Iran's defense minister said the test did not breach the Islamic Republic's nuclear agreement with world powers or a U.N. Security Council resolution endorsing the pact,

Iran has test-fired several ballistic missiles since the nuclear deal in 2015, but the latest test was the first since Trump entered the White House. Trump said during his election campaign that he would stop Iran's missile program.

"The recent test was in line with our plans and we will not allow foreigners to interfere in our defense affairs," Defence Minister Hossein Dehghan told Tasnim news agency. "The test did not violate the nuclear deal or (U.N.) Resolution 2231."

Trump's national security adviser, Michael Flynn, said the United States was putting Iran on notice over its "destabilizing activity" after it fired the missile.

"As of today, we are officially putting Iran on notice," Flynn said, without explaining exactly what that meant.

Flynn said the missile launch defied the U.N. resolution that called on Iran not to undertake any activity related to ballistic missiles designed to be capable of delivering nuclear weapons.

A U.S. official said Iran had test-launched a medium-range ballistic missile on Sunday and it exploded after traveling 630 miles (1,010 km).

The Security Council held an emergency meeting on Tuesday and recommended the missile testing be studied at committee level.
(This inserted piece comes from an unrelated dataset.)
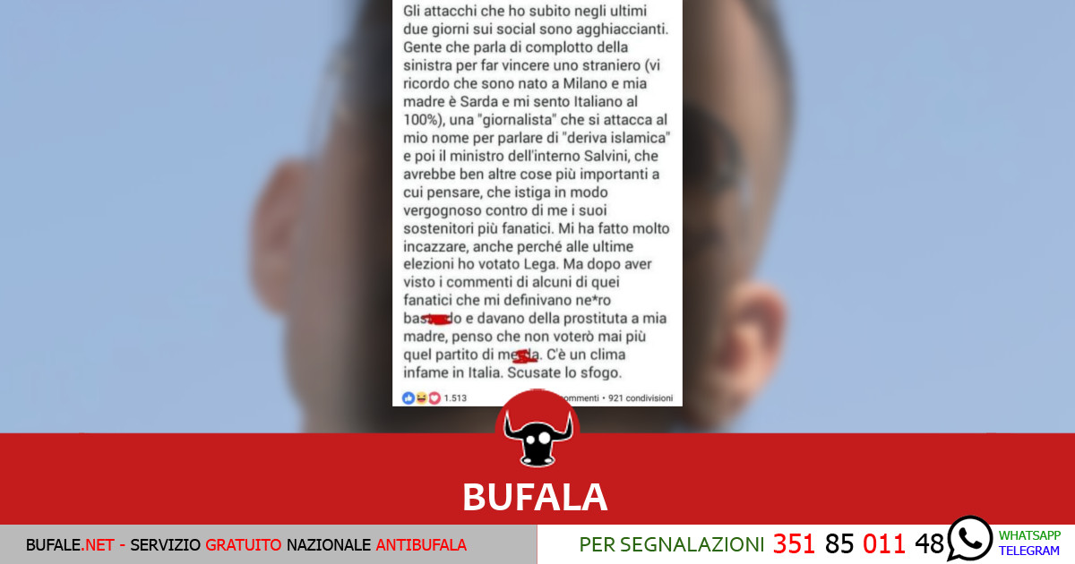 Gli attacchi che ho subito negli ultimi due giorni sui social sono agghiaccianti. Gente che parla di complotto della sinistra per far vincere uno straniero (vi ricordo che sono nato a Milano e mia madre è Sarda e mi sento italiano al 100%), una “giornalista” che si attacca al mio nome per parlare di “deriva islamica” e poi il ministro dell’interno Salvini, che avrebbe ben altre cose più importanti a cui pensare, che istiga in modo vergognoso contro di me i suoi sostenitori più fanatici. Mi ha fatto molto incazzare, anche perché alle ultime elezioni ho votato Lega. Ma dopo aver visto i commenti di alcuni di quei fanatici che mi definivano ne*ro bast**do e davano della prostituta a mia madre, penso che non voterò mai più quel partito di me**a. C’è un clima infame in Italia. Scusate lo sfogo.

The new U.S. ambassador to the United Nations, Nikki Haley, called the test "unacceptable".

Iranian Foreign Minister Mohammad Javad Zarif said on Tuesday that Tehran would never use its ballistic missiles to attack another country.
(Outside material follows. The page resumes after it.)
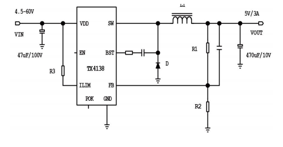 TX4138 4.5-60V 3A 大电流开关降压DC-DC恒压芯片

Some 220 Iranian members of parliament reaffirmed support for Tehran's missile program, calling international condemnation of the tests "illogical."

"The Islamic Republic of Iran is against weapons of mass destruction, so its missile capability is the only available deterrence against enemy hostility," the lawmakers said in a statement carried on state media on Wednesday.
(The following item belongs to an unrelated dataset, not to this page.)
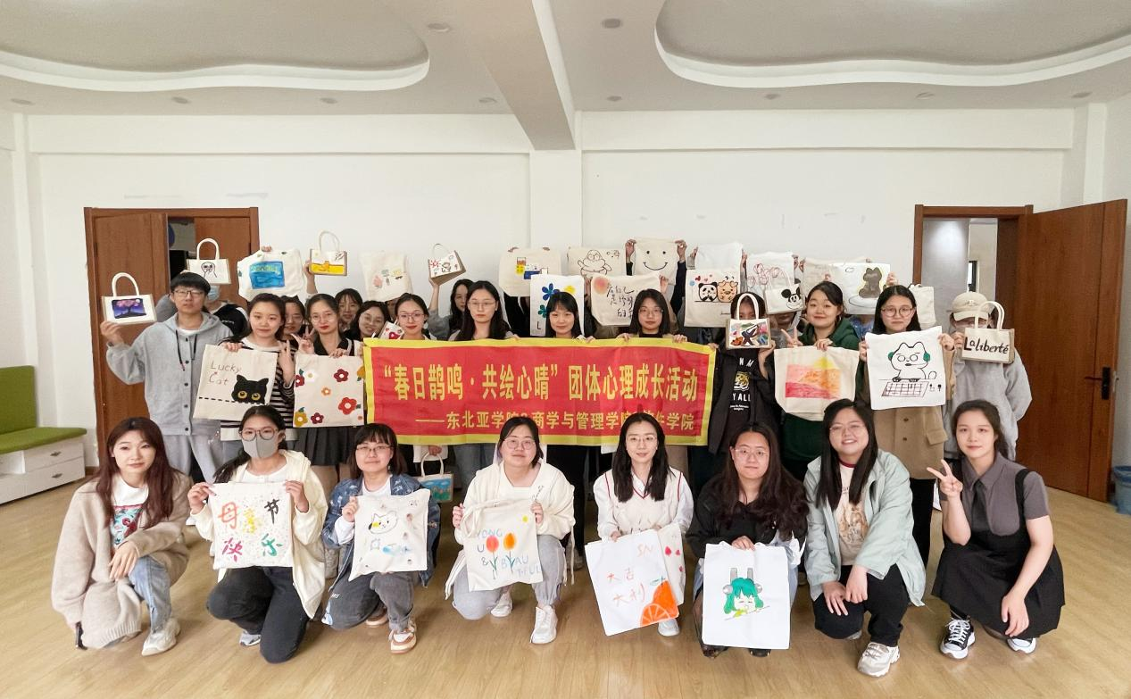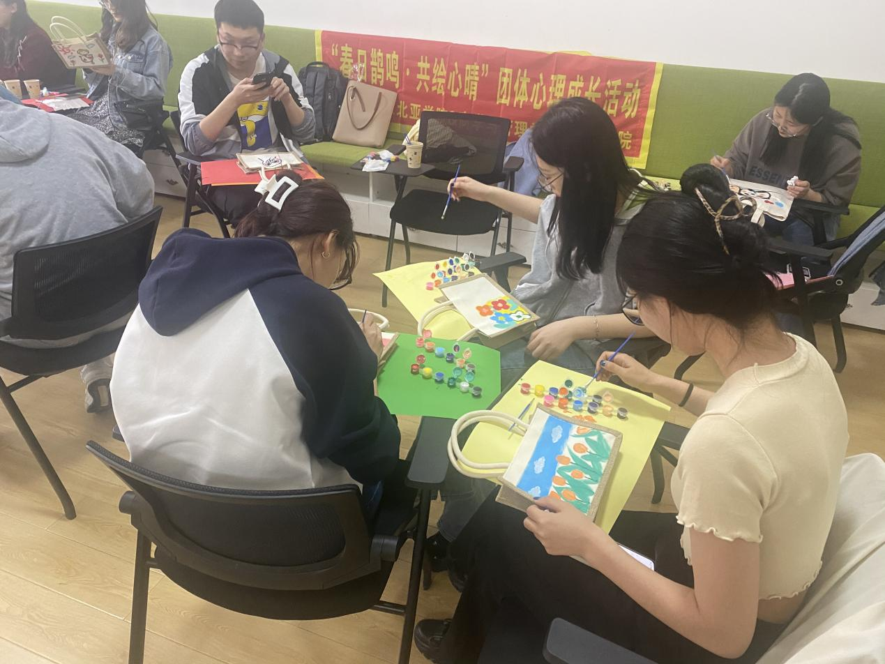 、商学与管理学院和东北亚学院三院研究生朋辈心理辅导员联合开展以“春日鹊鸣·共绘心晴”为主题的帆布包涂鸦活动。

The state news agency IRNA quoted Ali Shamkhani, head of Iran's National Security Council, as saying Iran would not seek "permission from any country or international organization for development of our conventional defensive capability".

The Security Council resolution was adopted to buttress the deal under which Iran curbed its nuclear activities to allay concerns they could be used to develop atomic bombs, in exchange for relief from economic sanctions.

The resolution urged Tehran to refrain from work on ballistic missiles designed to deliver nuclear weapons. Critics say the resolution's language does not make this obligatory.

Tehran says it has not carried out any work on missiles specifically designed to carry nuclear payloads.

The test on Sunday, according to U.S. officials, was of a type of missile that had also been tested seven months ago.

Iran has one of the Middle East's largest missile programs but it has been dogged by a poor record for accuracy.

However, Hossein Salami, deputy head of Iran's Revolutionary Guards, said on the day of the test that the country was now one of the few whose ballistic missiles were capable of hitting moving objects.

This would enable Iran to hit enemy ships, drones or incoming ballistic missiles.

Some of Iran's precision-guided missiles have the range to strike its regional enemy Israel.

On Monday, Israeli Prime Minister Benjamin Netanyahu called Iran's new missile test a "flagrant violation" of the U.N. resolution. He said he would ask Trump in their meeting in mid- February for a renewal of sanctions against Iran.